Elmgreen: I would like to label it absurdity, in the same way as Samuel Beckett uses the absurd in his plays. Through absurdity you can speak about something either really sad, really worrying, or quite profound, but it might come out in such a grotesque manner that you also can laugh at it.

Is absurdity also a good tool to address social and political issues?

Elmgreen: Sure, serious matters could be discussed in a different way, one that's more complex than you might find in public debates, where most issues seem to be reduced to fake or true, right or wrong.

Dragset: The absurd can trigger a little laugh, put a smile on one’s face and make one more willing to discuss urgent themes that are at stake - rather than say, “Oh this is so heavy, I don't want to deal with it,” which I feel happens a lot in our society!

That’s something you’re actively tackling with in your works that deal with the AIDS crisis — subverting the language to talk openly about this sometimes difficult subject.

Dragset: Right. In February this year Henie Onstad Kunstsenter near Oslo, initiated a collaboration with us and Clear Channel, a company that has advertising space almost everywhere in the world. They offered 700 screens to present different artworks on.
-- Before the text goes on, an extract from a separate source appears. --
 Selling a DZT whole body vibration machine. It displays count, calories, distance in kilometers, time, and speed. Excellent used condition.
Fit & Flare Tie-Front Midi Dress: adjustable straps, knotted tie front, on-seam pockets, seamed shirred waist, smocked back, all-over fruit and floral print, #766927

And we decided to take a past work of ours about the AIDS epidemic as a starting point, reiterating a neon work from 2011 with a message and placing it in public spaces, on advertisement boards and screens across Norway. The first part of the message comes up alone: “AIDS is good.” And then the second part comes up: “Business for some.”
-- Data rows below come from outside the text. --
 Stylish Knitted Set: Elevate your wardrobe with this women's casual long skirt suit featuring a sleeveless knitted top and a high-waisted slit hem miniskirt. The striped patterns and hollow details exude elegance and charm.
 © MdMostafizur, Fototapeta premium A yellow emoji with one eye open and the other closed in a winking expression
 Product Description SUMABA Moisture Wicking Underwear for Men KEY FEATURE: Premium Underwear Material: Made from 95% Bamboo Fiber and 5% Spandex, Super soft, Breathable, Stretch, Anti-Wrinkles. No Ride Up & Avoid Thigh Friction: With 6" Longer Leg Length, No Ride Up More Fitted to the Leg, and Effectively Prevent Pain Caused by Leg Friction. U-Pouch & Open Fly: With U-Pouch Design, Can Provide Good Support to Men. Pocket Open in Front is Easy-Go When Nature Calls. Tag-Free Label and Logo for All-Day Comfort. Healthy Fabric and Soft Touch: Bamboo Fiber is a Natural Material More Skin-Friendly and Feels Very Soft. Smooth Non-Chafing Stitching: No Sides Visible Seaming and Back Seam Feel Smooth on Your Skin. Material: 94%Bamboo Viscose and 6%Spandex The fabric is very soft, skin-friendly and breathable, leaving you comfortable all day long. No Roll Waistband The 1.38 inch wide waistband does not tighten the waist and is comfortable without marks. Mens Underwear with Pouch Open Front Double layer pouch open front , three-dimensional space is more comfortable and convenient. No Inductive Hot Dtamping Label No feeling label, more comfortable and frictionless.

Elmgreen: It's all about the timing. There’s a split second where you only see the first half of the sentence, which is of course a very upsetting message. And then when the second part of the sentence appears, you get the full meaning. In that way, the artwork raises the problem of privatizating our health industries.

Dragset: It's a very simple sentence because it's basically just stating the truth. But due to the history of HIV and AIDS and all the stigma around it, the sentence works on a very emotional level and people might get a bit of a shock, as if this is completely outrageous. But that’s the reality.